VoxCeleb2 includes both a development (dev) set and evaluation set. The dev set contains 5,994 speakers, with a total of 1,092,009 utterances, while the evaluation set includes 118 speakers and 36,237 utterances. The entire dataset contains over 1.1 million utterances, making it a rich resource for training models on diverse speaker characteristics. The average duration of the utterances in VoxCeleb2 is approximately 7.8s. We randomly select 94 speakers from the dev set of VoxCeleb2 to form the validation set and leave 5,900 speakers for training.
The other data source acquired for this study is LibriTTS [53]. It is a refined version of LibriSpeech [34], in which a small portion of the noisy utterances from the latter was removed to ensure cleaner speech for tasks such as TTS.
For each target speech from LibriTTS, we randomly select one male and one female interference speaker from VoxCeleb2 in an alternating manner. This means that for every target speech, we first choose a male interference speaker then a female interference speaker, ensuring a balanced gender distribution across the dataset. The mixture is then created by adding the target speech to the interference speech with an additional scaling factor α, which is sampled uniformly from the SNR range of [-5, 5] dB. The same mixing procedure applies for the validation and test sets, with the average SNR across the train, validation, and test sets being approximately -0.11 dB.

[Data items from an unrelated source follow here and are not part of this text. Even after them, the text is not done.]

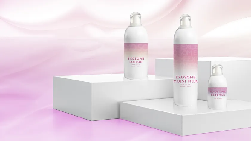 ヒト幹細胞培養液にも含まれている貴重な成分であるエクソソーム*1とは、細胞が放出する微小な胞体の一つで、細胞間の情報伝達の役割を果たしています。高配合*2されることにより細胞間のコミュニケーションが盛んに行われ、肌のハリや弾力などが期待できます。ビタミンC誘導体*3配合の「エクソソームミストローション」で肌のキメを整え、ナイアシンアミド配合の「エクソソームエッセンス」でうるおいを与えながら肌を整え、グルコシルセラミド*4配合の「エクソソームミルク」で整った肌を保護します。
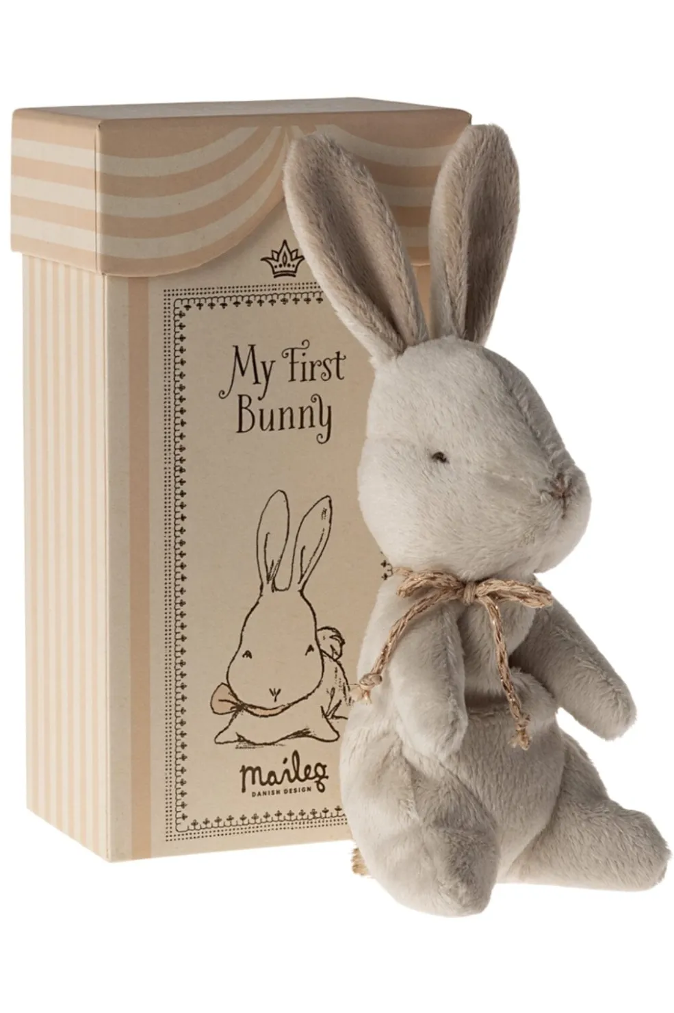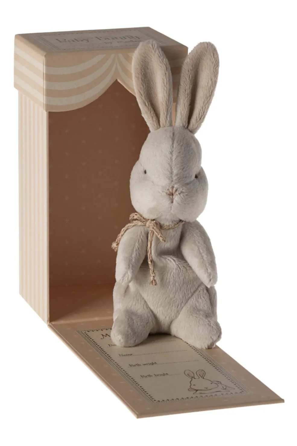Råhvid bamsekanin fra Maileg i blødt plys med et bånd om halsen. Leveres i en gaveæske med plads til at notere fødselsoplysninger.
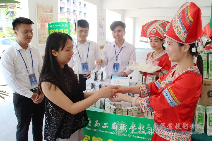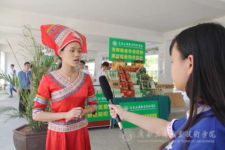 現(xiàn)場還有財(cái)信系廣告與設(shè)計(jì)、食品檢測專業(yè)展出的糧食加工與包裝設(shè)計(jì)作品展。食品檢測專業(yè)的同學(xué)向大家展示了既營養(yǎng)又安全的面包、紅酒、餅干,廣告與設(shè)計(jì)專業(yè)的同學(xué)向大家展示了以五谷雜糧為主要材料的圖畫。尤具特色的是:活動(dòng)中呈現(xiàn)的全部作品都是由學(xué)生們親手制作?,F(xiàn)場接受采訪的同學(xué)告訴記者,同學(xué)們參加此次活動(dòng)是為了響應(yīng)國家的號召,展示我院食檢專業(yè)的技能特色,她們表示:廣西區(qū)很多院校的職業(yè)技能展示以及發(fā)展的程度,跟國際上還有一定的差距,大家決心要繼續(xù)努力,將食檢專業(yè)的技能發(fā)展得更好。

3.2 Statistics of Libri2Vox
Libri2Vox was pre-split after collecting and processing, as shown in Table 2 For the training set, LibriTTS provides 1,151 speakers, with 8.97 hours of data. Each LibriTTS utterance generates one corresponding data point (mixture, reference, target). VoxCeleb2 contributes 5,900 interference speakers for this partition, making the training set contains 149,691 triplets, equivalent to 250 hours of mixture data. The validation set consists of 40 LibriTTS speakers (approximately 8.97 hours) and 94 VoxCeleb2 speakers, totaling 134 speakers and 7,200 utterances. The test set includes 39 LibriTTS speakers (approximately 8.56 hours) and 118 VoxCeleb2 speakers, with a total of 157 speakers and 6,000 utterances.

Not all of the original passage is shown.